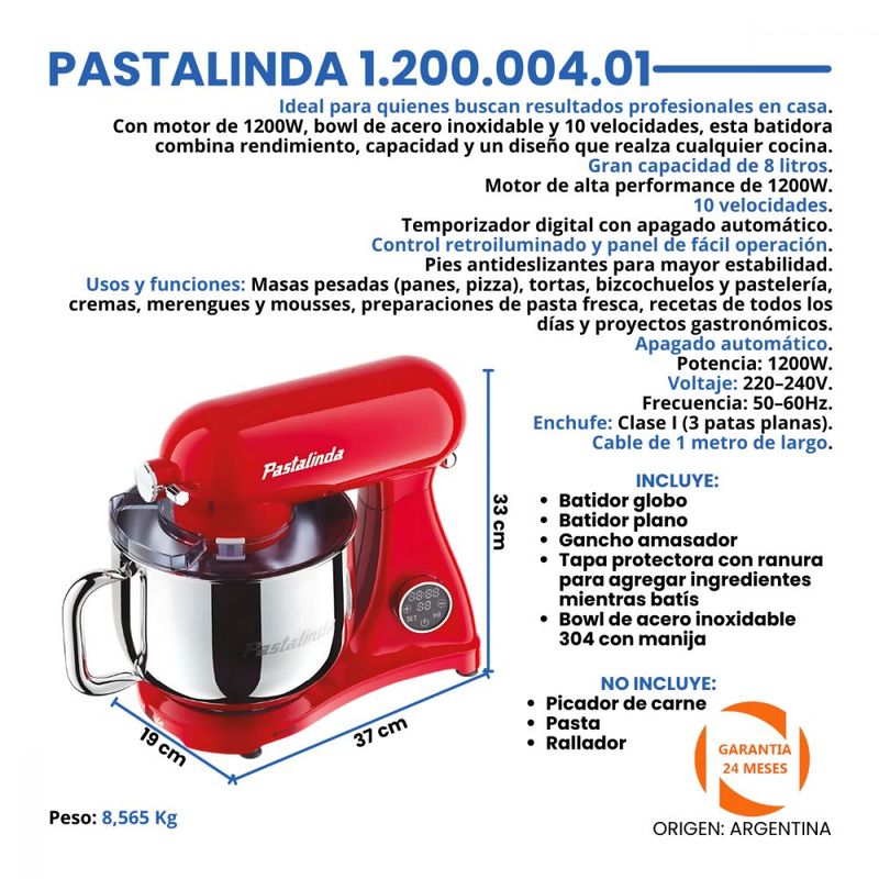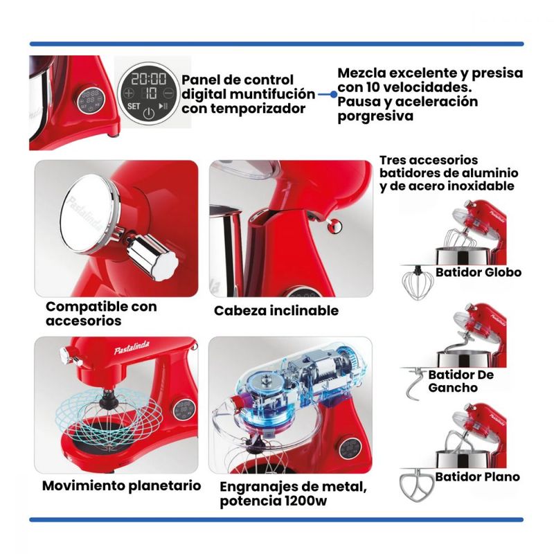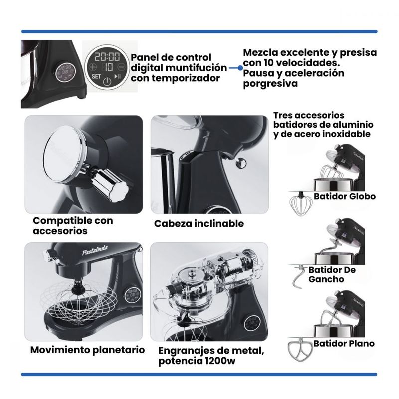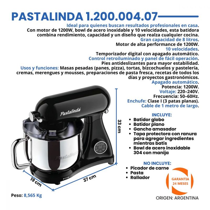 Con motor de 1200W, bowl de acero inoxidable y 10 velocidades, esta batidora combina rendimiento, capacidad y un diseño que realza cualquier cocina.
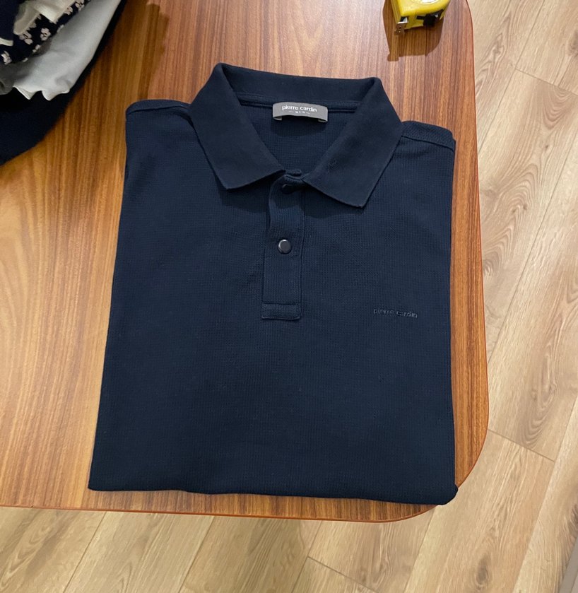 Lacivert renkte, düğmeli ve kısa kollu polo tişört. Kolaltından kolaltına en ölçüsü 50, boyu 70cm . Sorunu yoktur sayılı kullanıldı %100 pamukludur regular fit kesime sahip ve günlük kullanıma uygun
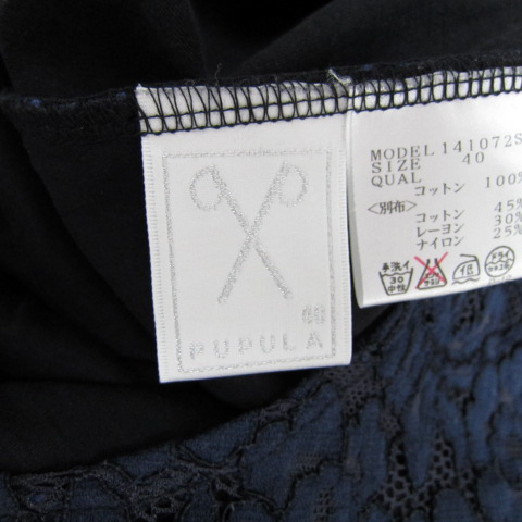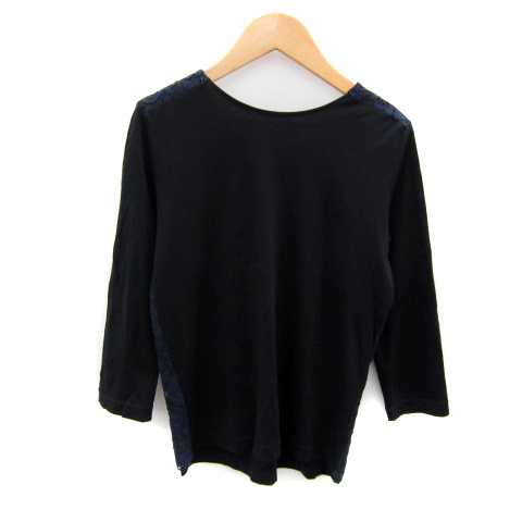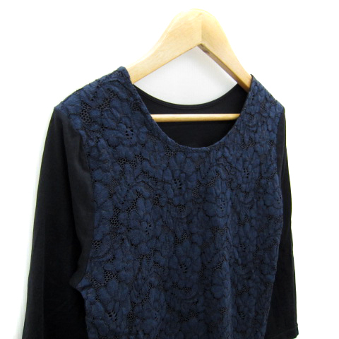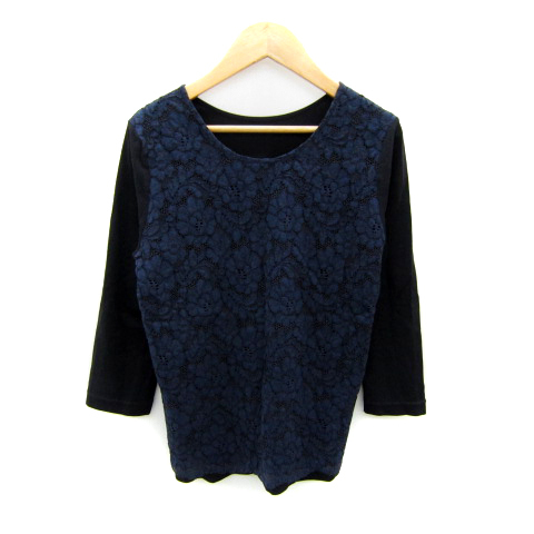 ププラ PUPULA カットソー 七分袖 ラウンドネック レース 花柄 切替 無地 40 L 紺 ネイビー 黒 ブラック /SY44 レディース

Work instruction:
Write out the material above exactly, and omit the pictures it holds.

Answer to the problem:
 Con motor de 1200W, bowl de acero inoxidable y 10 velocidades, esta batidora combina rendimiento, capacidad y un diseño que realza cualquier cocina.
 Lacivert renkte, düğmeli ve kısa kollu polo tişört. Kolaltından kolaltına en ölçüsü 50, boyu 70cm . Sorunu yoktur sayılı kullanıldı %100 pamukludur regular fit kesime sahip ve günlük kullanıma uygun
 ププラ PUPULA カットソー 七分袖 ラウンドネック レース 花柄 切替 無地 40 L 紺 ネイビー 黒 ブラック /SY44 レディース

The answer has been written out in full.